• **TRY IT**
Begin at the line containing "是的,放大器由+/-12V电源供电。 即使在低振幅下也会发生失真。 而且在低频时失真不明显。" in the records below, end at the line containing "금관악기만의 화려함과 부드러운", and retype each line in that span exactly. No other line and no image should appear.

• **PROVIDED RECORDS**
========================================
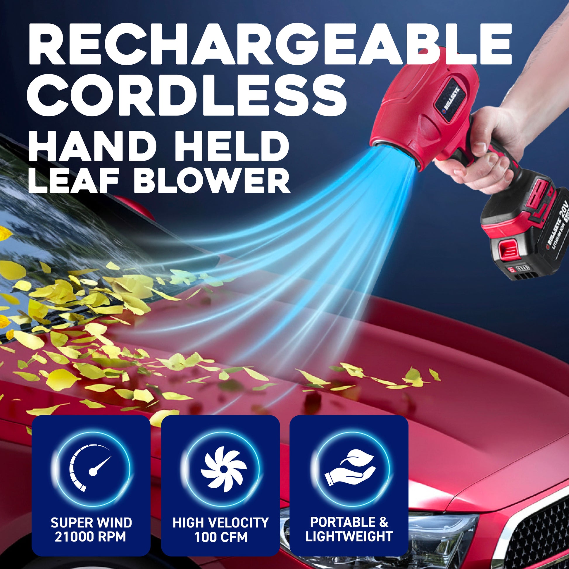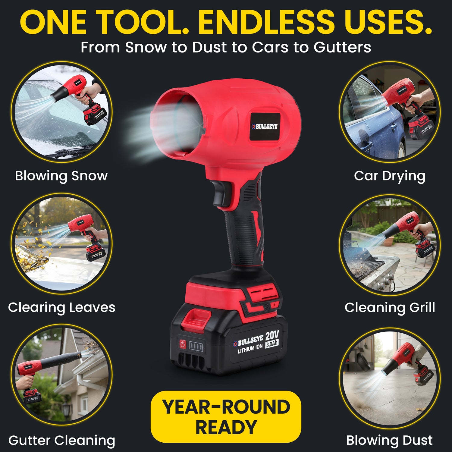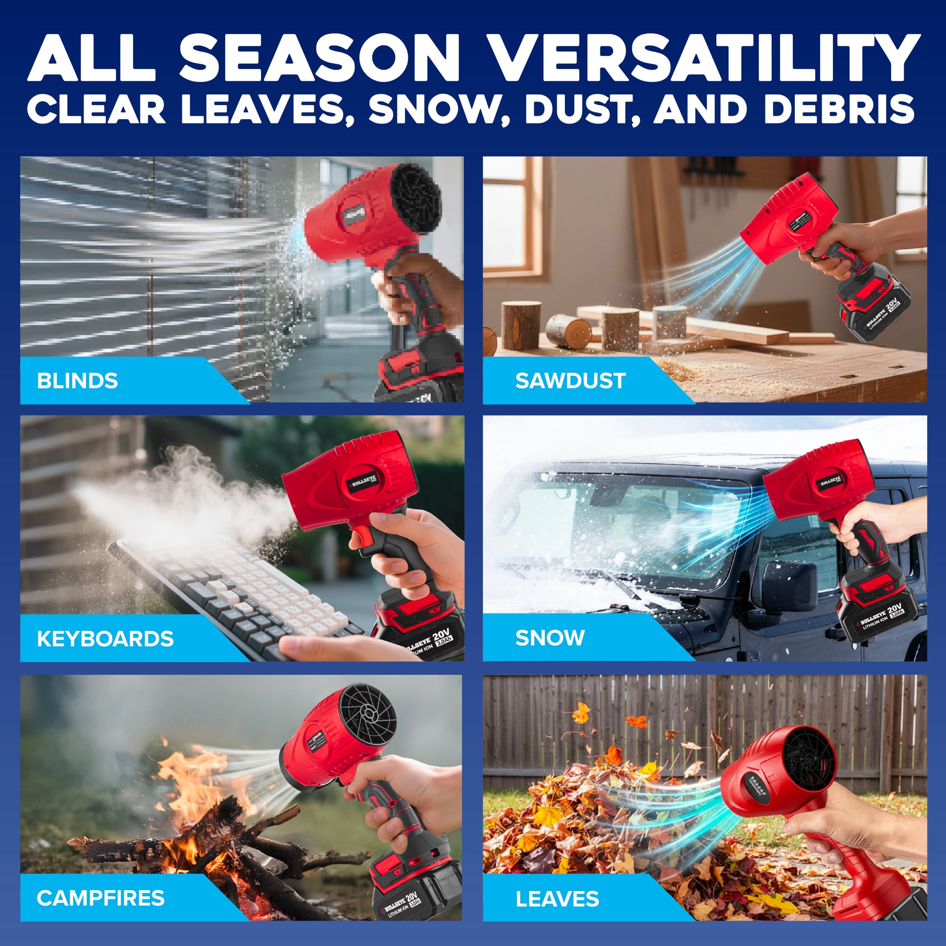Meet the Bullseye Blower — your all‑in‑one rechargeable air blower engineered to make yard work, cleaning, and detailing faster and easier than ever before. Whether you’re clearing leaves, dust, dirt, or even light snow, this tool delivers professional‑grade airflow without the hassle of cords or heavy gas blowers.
========================================
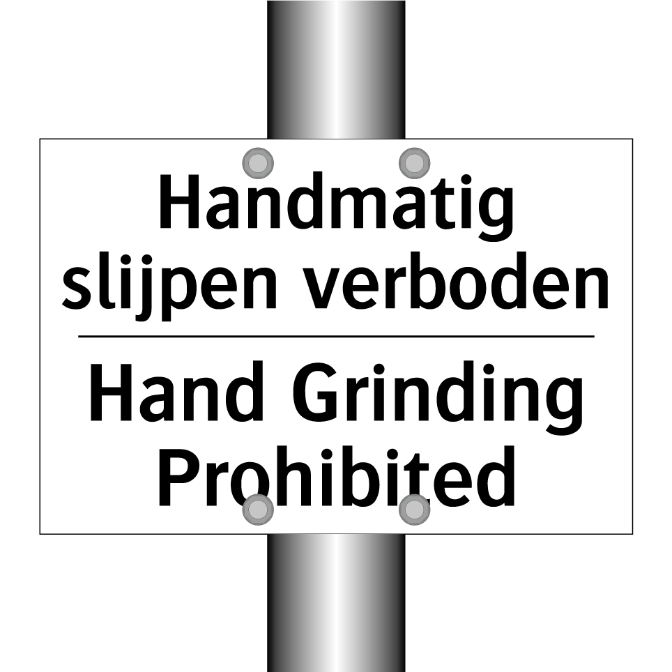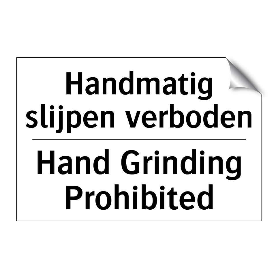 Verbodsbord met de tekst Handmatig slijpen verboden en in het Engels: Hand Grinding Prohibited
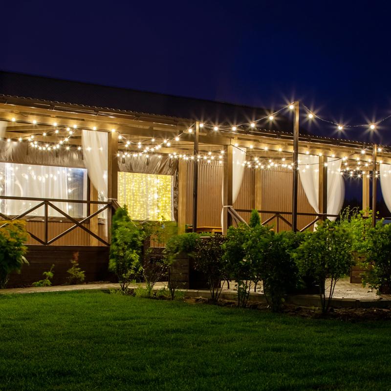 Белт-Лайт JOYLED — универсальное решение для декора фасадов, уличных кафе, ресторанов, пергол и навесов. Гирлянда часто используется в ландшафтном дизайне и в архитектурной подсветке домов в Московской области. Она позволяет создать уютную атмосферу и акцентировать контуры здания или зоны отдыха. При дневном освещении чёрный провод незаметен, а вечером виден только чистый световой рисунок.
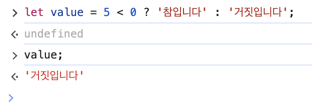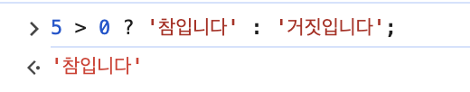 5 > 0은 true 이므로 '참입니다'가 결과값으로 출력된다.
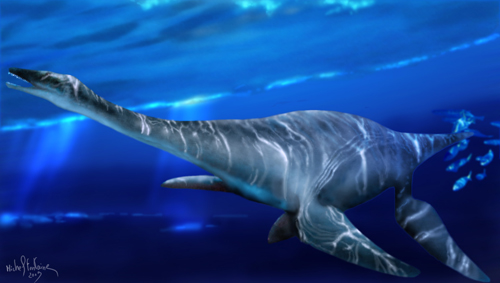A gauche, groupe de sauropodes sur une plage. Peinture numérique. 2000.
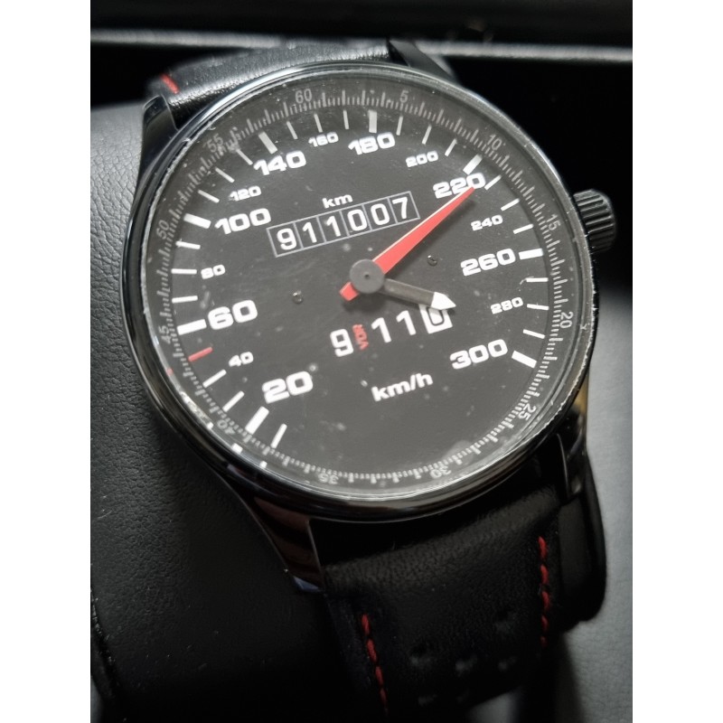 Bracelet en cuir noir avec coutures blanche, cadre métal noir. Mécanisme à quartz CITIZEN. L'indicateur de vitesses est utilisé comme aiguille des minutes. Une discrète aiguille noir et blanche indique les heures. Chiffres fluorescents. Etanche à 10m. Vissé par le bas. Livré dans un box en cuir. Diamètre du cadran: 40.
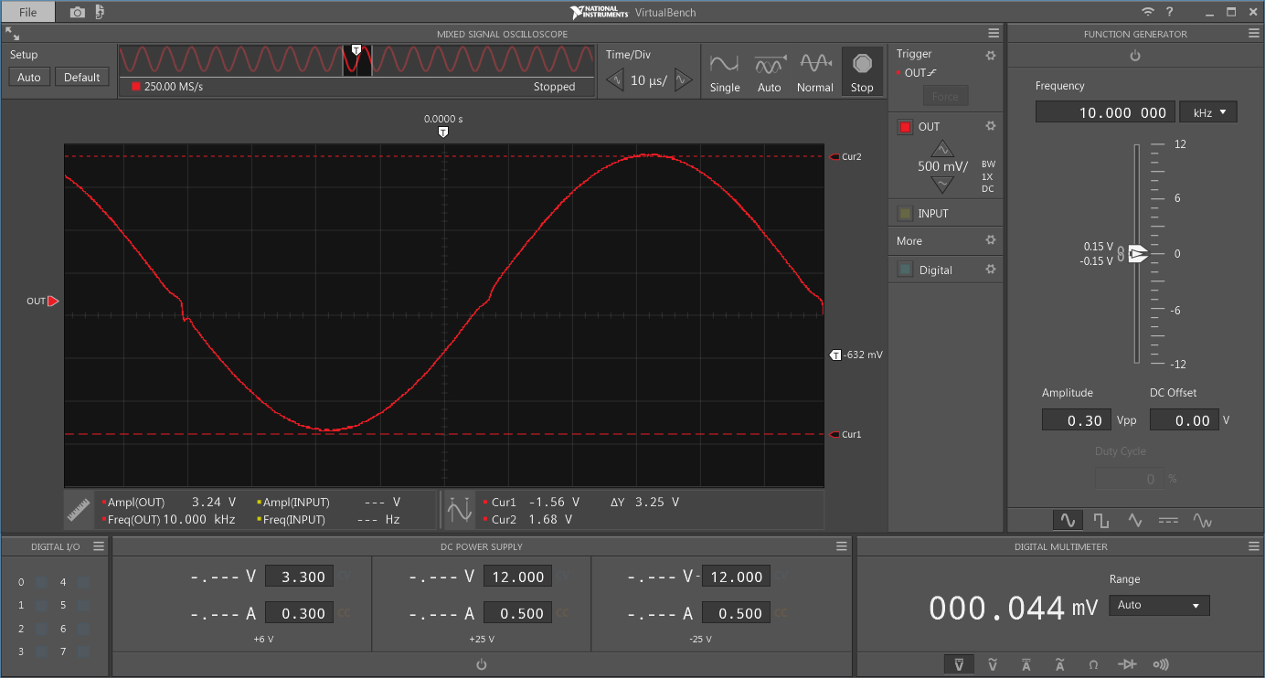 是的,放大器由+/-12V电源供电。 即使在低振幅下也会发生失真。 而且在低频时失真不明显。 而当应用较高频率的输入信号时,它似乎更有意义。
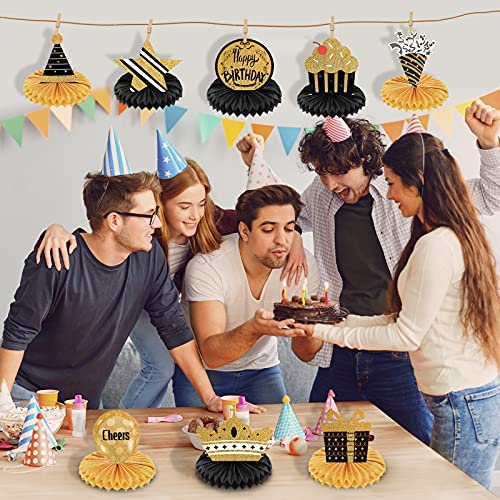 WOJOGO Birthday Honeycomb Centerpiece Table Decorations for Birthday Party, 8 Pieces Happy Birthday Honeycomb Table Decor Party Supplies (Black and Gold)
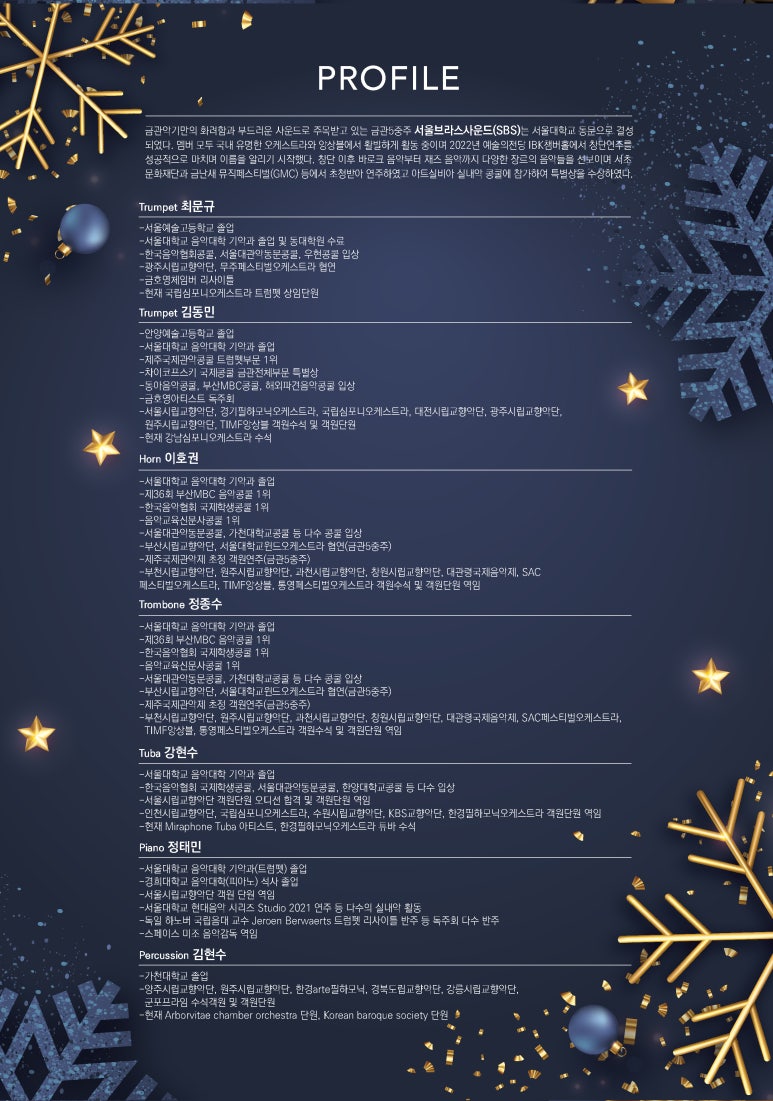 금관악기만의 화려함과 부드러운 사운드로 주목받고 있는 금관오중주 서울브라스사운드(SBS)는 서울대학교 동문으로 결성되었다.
========================================
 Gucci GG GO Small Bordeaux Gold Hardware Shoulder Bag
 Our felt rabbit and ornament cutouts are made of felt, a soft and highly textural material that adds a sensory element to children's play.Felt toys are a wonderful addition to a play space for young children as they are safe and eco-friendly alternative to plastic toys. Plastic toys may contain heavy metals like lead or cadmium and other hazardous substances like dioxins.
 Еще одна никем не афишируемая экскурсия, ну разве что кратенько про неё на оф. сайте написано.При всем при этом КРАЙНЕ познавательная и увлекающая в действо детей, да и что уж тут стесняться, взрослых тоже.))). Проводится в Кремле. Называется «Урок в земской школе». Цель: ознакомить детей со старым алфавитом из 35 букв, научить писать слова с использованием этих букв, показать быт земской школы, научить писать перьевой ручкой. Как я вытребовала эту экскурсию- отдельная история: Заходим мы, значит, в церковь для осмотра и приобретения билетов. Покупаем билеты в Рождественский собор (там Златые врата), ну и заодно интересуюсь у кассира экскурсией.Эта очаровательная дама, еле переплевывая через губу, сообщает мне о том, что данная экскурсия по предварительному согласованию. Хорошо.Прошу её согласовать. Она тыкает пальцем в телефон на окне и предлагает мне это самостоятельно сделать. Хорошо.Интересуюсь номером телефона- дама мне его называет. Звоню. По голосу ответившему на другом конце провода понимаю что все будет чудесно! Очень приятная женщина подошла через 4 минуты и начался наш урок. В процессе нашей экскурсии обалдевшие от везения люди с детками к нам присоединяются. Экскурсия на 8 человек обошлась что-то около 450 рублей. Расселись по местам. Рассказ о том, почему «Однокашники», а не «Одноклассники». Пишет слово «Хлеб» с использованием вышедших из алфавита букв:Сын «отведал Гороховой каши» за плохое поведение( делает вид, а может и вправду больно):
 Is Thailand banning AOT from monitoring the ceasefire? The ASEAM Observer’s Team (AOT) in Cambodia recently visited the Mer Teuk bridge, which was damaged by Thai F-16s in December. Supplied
========================================
• **TASK RESULT**
 是的,放大器由+/-12V电源供电。 即使在低振幅下也会发生失真。 而且在低频时失真不明显。 而当应用较高频率的输入信号时,它似乎更有意义。
 WOJOGO Birthday Honeycomb Centerpiece Table Decorations for Birthday Party, 8 Pieces Happy Birthday Honeycomb Table Decor Party Supplies (Black and Gold)
 금관악기만의 화려함과 부드러운 사운드로 주목받고 있는 금관오중주 서울브라스사운드(SBS)는 서울대학교 동문으로 결성되었다.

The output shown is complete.